Records to process:
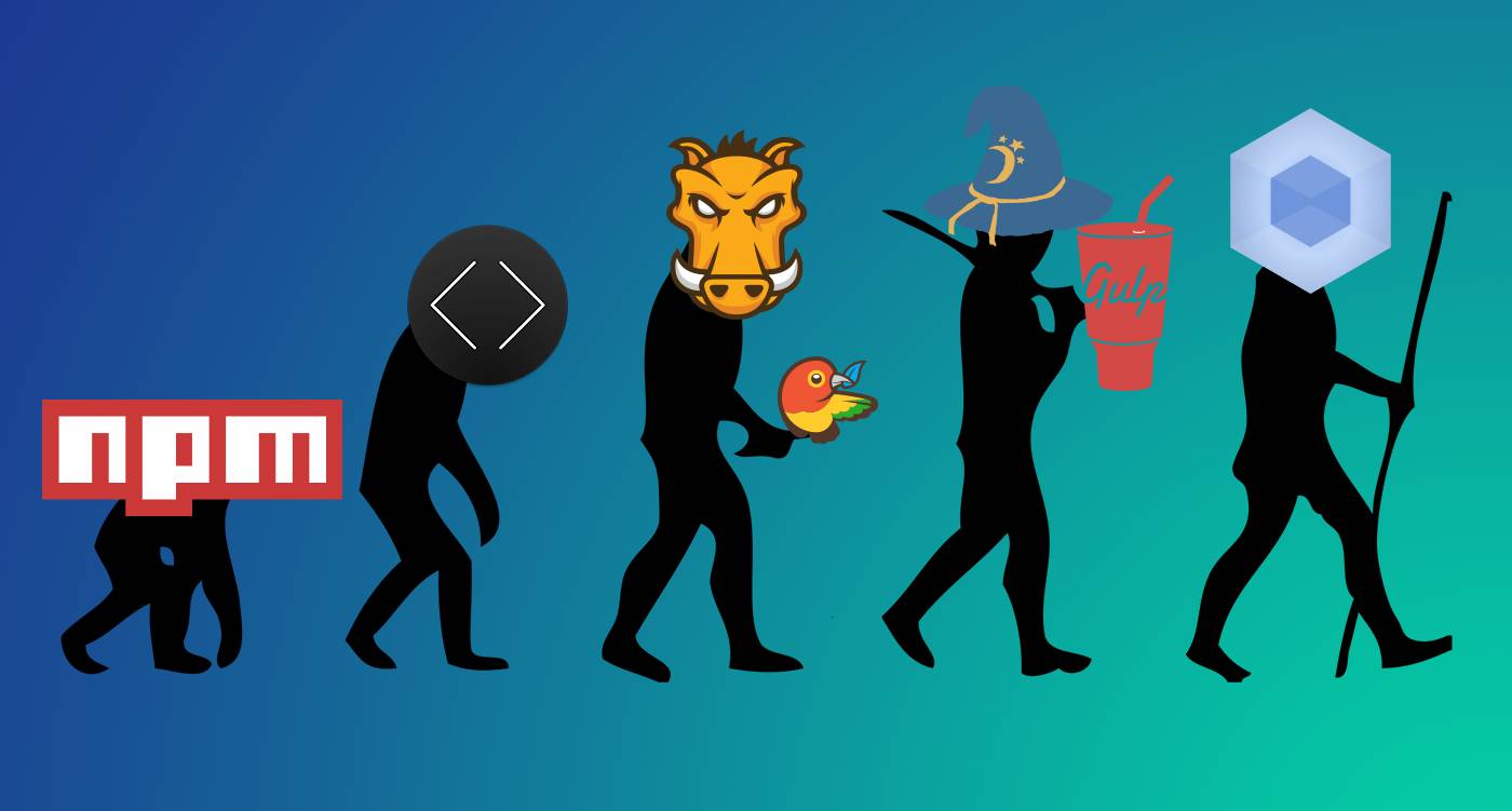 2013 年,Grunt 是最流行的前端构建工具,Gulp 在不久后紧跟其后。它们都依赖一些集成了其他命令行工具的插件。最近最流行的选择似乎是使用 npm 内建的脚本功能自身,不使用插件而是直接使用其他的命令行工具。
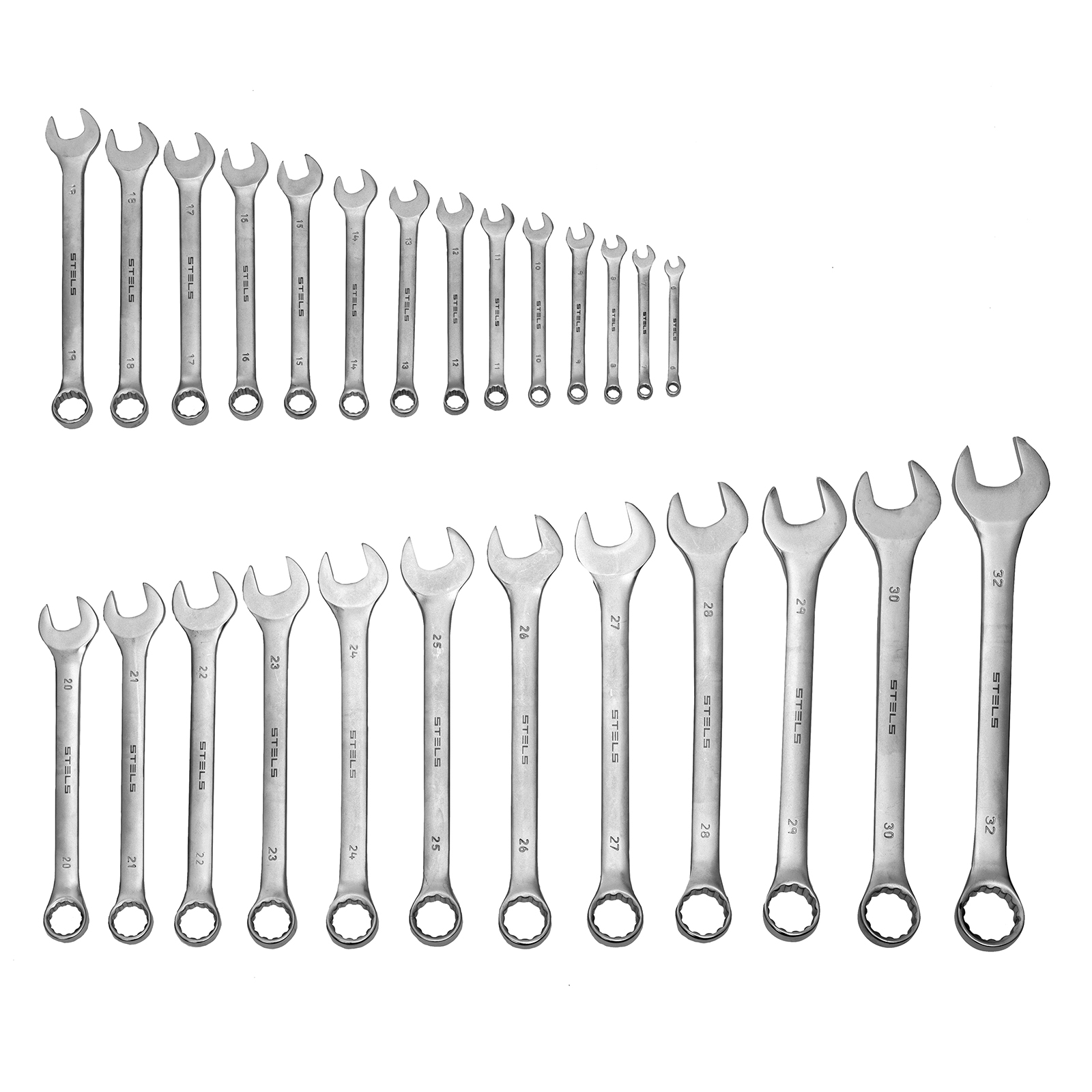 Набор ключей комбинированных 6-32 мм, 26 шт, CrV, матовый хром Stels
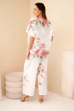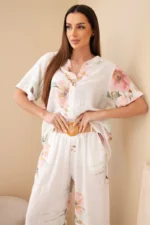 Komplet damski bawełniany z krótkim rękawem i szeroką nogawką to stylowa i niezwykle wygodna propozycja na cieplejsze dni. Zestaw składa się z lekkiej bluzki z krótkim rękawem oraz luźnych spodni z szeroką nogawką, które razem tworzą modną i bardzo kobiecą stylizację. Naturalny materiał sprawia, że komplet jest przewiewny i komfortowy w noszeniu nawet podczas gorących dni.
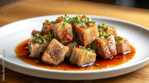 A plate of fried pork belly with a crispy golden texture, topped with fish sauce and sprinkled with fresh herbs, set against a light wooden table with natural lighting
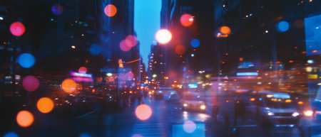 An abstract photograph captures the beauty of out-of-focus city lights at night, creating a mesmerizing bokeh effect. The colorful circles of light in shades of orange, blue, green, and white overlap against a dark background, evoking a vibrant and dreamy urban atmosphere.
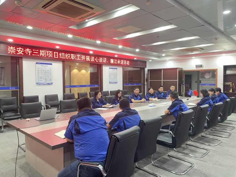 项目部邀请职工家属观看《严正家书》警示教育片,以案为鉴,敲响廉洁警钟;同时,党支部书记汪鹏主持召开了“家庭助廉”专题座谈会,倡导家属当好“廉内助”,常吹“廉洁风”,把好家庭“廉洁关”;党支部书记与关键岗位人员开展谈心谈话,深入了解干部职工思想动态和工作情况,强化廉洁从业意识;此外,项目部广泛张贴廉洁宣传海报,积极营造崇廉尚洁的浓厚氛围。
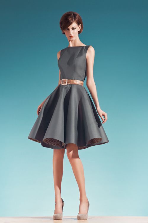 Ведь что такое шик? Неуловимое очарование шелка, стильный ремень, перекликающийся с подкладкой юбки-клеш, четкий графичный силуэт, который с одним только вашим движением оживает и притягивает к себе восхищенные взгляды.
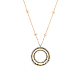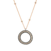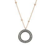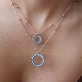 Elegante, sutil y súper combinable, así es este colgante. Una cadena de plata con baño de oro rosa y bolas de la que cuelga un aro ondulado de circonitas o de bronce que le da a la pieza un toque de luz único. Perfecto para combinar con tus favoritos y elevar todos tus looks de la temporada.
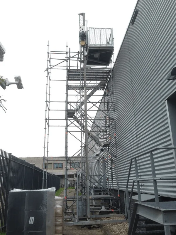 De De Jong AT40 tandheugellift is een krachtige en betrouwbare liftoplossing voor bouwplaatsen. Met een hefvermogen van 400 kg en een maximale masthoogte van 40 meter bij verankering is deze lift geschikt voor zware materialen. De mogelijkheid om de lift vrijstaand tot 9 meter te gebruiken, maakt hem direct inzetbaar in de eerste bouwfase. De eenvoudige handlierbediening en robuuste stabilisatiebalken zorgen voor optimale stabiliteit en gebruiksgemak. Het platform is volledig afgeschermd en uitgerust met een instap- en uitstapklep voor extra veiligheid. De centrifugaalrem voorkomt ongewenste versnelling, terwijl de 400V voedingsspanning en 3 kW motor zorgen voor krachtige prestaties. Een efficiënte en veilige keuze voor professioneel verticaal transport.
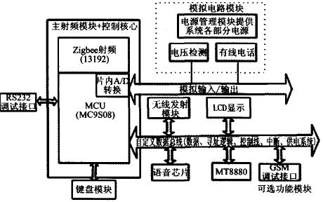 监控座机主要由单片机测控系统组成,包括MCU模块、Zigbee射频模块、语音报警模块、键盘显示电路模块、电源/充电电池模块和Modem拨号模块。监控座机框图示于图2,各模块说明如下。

Aim of the task:
Could you return each entry word for word, with the images omitted?

Your solution:
 2013 年,Grunt 是最流行的前端构建工具,Gulp 在不久后紧跟其后。它们都依赖一些集成了其他命令行工具的插件。最近最流行的选择似乎是使用 npm 内建的脚本功能自身,不使用插件而是直接使用其他的命令行工具。
 Набор ключей комбинированных 6-32 мм, 26 шт, CrV, матовый хром Stels
 Komplet damski bawełniany z krótkim rękawem i szeroką nogawką to stylowa i niezwykle wygodna propozycja na cieplejsze dni. Zestaw składa się z lekkiej bluzki z krótkim rękawem oraz luźnych spodni z szeroką nogawką, które razem tworzą modną i bardzo kobiecą stylizację. Naturalny materiał sprawia, że komplet jest przewiewny i komfortowy w noszeniu nawet podczas gorących dni.
 A plate of fried pork belly with a crispy golden texture, topped with fish sauce and sprinkled with fresh herbs, set against a light wooden table with natural lighting
 An abstract photograph captures the beauty of out-of-focus city lights at night, creating a mesmerizing bokeh effect. The colorful circles of light in shades of orange, blue, green, and white overlap against a dark background, evoking a vibrant and dreamy urban atmosphere.
 项目部邀请职工家属观看《严正家书》警示教育片,以案为鉴,敲响廉洁警钟;同时,党支部书记汪鹏主持召开了“家庭助廉”专题座谈会,倡导家属当好“廉内助”,常吹“廉洁风”,把好家庭“廉洁关”;党支部书记与关键岗位人员开展谈心谈话,深入了解干部职工思想动态和工作情况,强化廉洁从业意识;此外,项目部广泛张贴廉洁宣传海报,积极营造崇廉尚洁的浓厚氛围。
 Ведь что такое шик? Неуловимое очарование шелка, стильный ремень, перекликающийся с подкладкой юбки-клеш, четкий графичный силуэт, который с одним только вашим движением оживает и притягивает к себе восхищенные взгляды.
 Elegante, sutil y súper combinable, así es este colgante. Una cadena de plata con baño de oro rosa y bolas de la que cuelga un aro ondulado de circonitas o de bronce que le da a la pieza un toque de luz único. Perfecto para combinar con tus favoritos y elevar todos tus looks de la temporada.
 De De Jong AT40 tandheugellift is een krachtige en betrouwbare liftoplossing voor bouwplaatsen. Met een hefvermogen van 400 kg en een maximale masthoogte van 40 meter bij verankering is deze lift geschikt voor zware materialen. De mogelijkheid om de lift vrijstaand tot 9 meter te gebruiken, maakt hem direct inzetbaar in de eerste bouwfase. De eenvoudige handlierbediening en robuuste stabilisatiebalken zorgen voor optimale stabiliteit en gebruiksgemak. Het platform is volledig afgeschermd en uitgerust met een instap- en uitstapklep voor extra veiligheid. De centrifugaalrem voorkomt ongewenste versnelling, terwijl de 400V voedingsspanning en 3 kW motor zorgen voor krachtige prestaties. Een efficiënte en veilige keuze voor professioneel verticaal transport.
 监控座机主要由单片机测控系统组成,包括MCU模块、Zigbee射频模块、语音报警模块、键盘显示电路模块、电源/充电电池模块和Modem拨号模块。监控座机框图示于图2,各模块说明如下。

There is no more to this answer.